* _WHAT NEEDS TO BE DONE_
All lines below starting at the one that holds "爽やかな風が吹く中、校庭で開会式の練習をしました。" and ending at the one that holds "The Transmit Message" should be printed exactly, ends included. Pictures should not be printed, nor anything else.

* _ENTRIES PROVIDED_

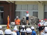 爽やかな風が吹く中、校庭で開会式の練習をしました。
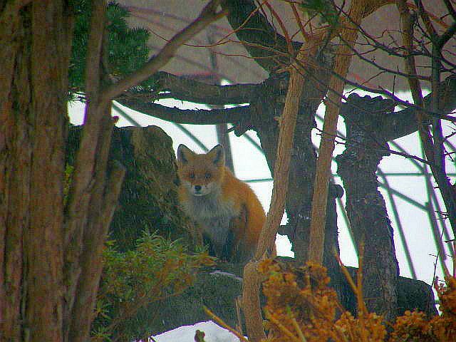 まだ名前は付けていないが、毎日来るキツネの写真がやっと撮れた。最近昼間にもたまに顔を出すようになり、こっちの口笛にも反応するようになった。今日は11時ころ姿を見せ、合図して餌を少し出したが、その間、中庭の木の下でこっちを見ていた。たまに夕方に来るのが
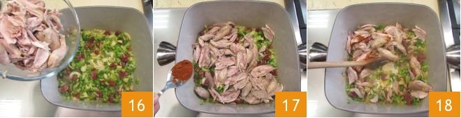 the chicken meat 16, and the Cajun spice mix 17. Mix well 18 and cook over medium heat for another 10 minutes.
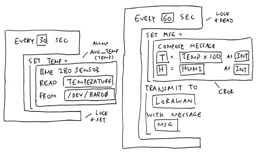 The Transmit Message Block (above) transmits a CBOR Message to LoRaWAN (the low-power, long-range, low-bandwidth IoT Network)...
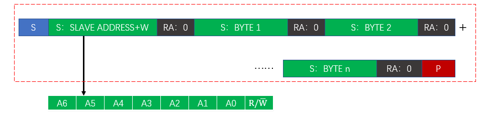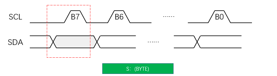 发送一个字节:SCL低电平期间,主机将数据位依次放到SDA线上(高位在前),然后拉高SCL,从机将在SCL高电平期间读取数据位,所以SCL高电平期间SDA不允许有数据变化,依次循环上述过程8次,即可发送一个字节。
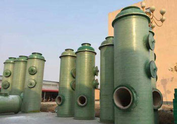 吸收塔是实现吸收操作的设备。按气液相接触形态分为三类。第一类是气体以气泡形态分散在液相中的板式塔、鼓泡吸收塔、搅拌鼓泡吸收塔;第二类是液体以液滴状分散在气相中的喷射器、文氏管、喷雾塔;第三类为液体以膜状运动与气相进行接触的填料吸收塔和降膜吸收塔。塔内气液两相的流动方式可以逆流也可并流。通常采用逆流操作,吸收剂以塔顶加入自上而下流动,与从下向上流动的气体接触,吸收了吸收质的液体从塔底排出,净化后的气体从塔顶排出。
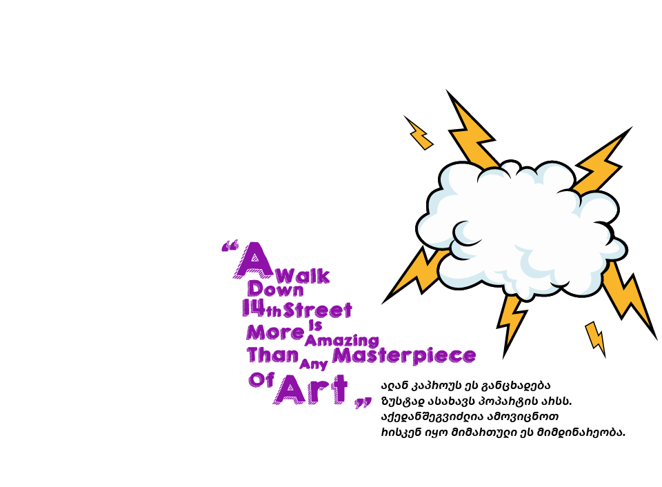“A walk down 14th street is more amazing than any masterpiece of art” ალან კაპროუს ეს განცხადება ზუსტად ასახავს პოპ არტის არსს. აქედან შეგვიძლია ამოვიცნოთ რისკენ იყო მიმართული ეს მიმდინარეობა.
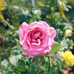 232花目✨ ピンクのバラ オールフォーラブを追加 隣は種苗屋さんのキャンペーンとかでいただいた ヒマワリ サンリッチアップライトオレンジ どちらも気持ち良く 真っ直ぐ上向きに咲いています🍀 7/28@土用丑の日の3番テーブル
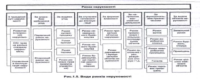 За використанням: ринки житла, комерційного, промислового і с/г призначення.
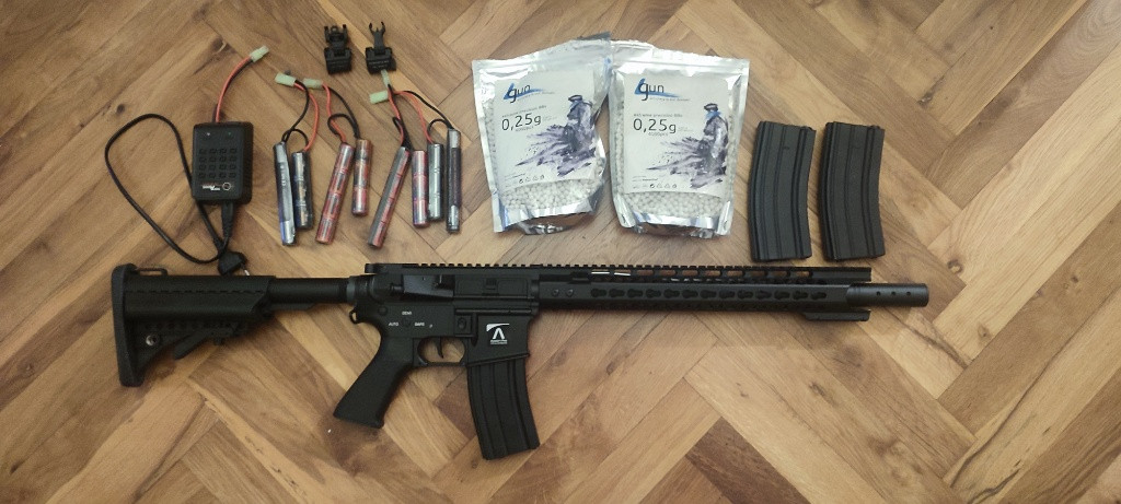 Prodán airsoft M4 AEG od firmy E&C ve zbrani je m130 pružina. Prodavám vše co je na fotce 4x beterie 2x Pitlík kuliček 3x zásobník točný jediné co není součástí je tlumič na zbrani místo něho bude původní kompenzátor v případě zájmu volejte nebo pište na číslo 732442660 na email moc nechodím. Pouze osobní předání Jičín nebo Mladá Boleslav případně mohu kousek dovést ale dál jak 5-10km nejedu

==

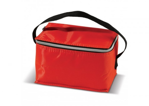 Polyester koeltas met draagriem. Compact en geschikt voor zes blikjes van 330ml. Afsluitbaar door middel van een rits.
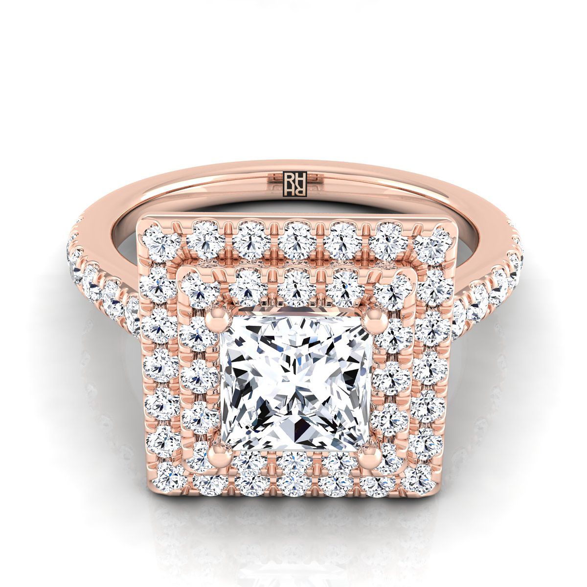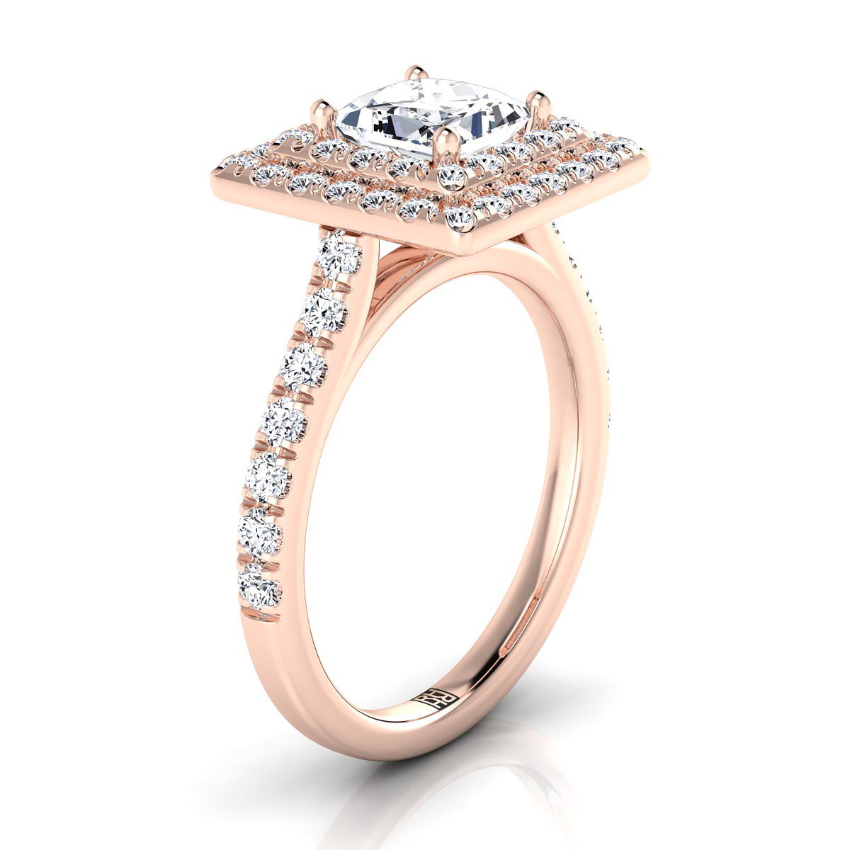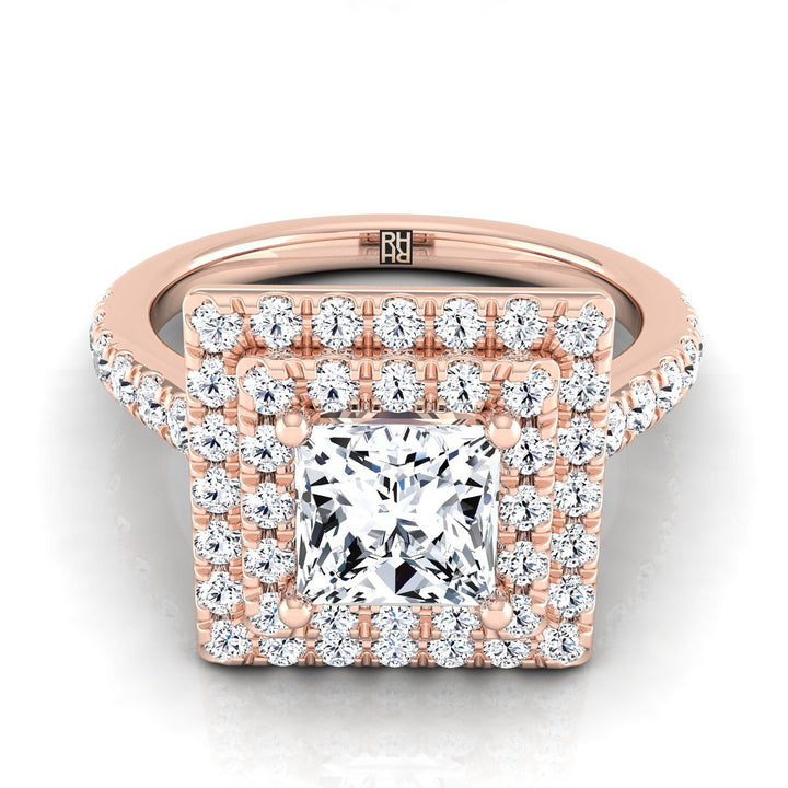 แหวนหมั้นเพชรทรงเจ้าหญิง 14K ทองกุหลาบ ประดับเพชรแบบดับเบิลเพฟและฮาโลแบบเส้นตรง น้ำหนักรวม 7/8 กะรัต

==

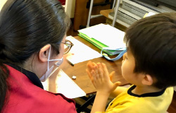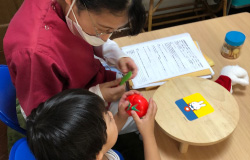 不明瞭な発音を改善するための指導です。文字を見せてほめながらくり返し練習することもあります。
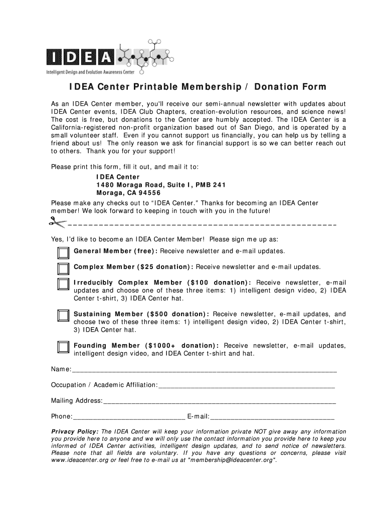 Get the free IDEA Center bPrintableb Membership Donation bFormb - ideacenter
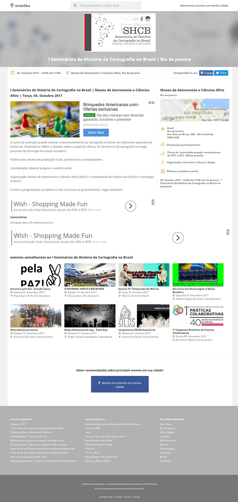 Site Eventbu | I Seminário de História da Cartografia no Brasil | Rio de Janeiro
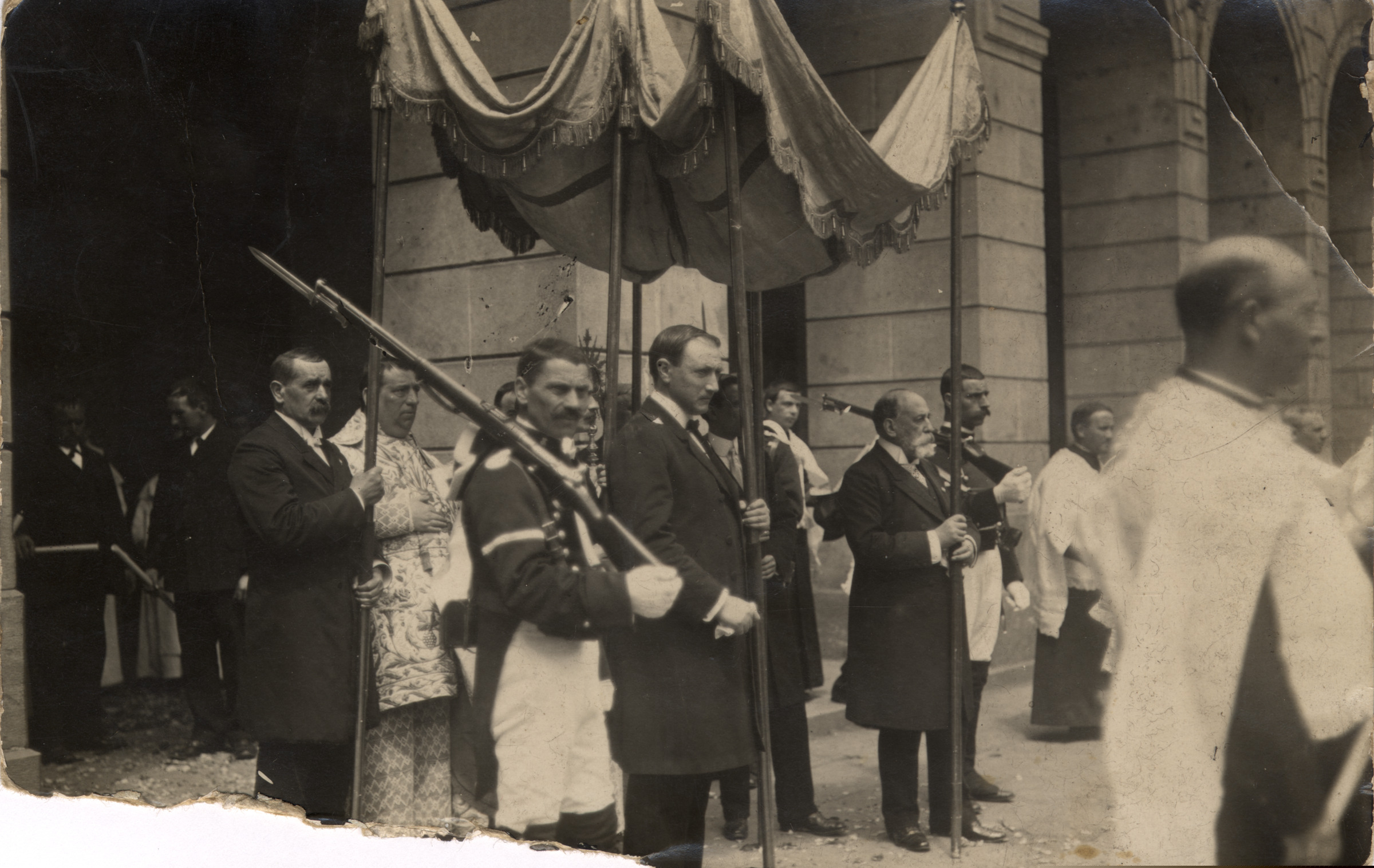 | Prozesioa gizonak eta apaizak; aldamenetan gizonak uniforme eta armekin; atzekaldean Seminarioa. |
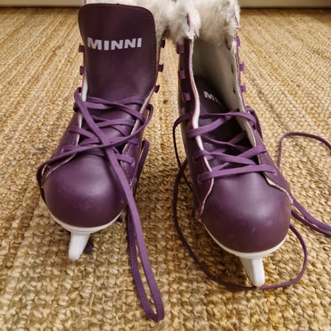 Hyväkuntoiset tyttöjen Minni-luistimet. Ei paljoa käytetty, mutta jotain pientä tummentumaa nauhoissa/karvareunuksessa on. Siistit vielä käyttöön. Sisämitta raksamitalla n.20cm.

* _EXPECTED OUTPUT_
 爽やかな風が吹く中、校庭で開会式の練習をしました。
 まだ名前は付けていないが、毎日来るキツネの写真がやっと撮れた。最近昼間にもたまに顔を出すようになり、こっちの口笛にも反応するようになった。今日は11時ころ姿を見せ、合図して餌を少し出したが、その間、中庭の木の下でこっちを見ていた。たまに夕方に来るのが
 the chicken meat 16, and the Cajun spice mix 17. Mix well 18 and cook over medium heat for another 10 minutes.
 The Transmit Message Block (above) transmits a CBOR Message to LoRaWAN (the low-power, long-range, low-bandwidth IoT Network)...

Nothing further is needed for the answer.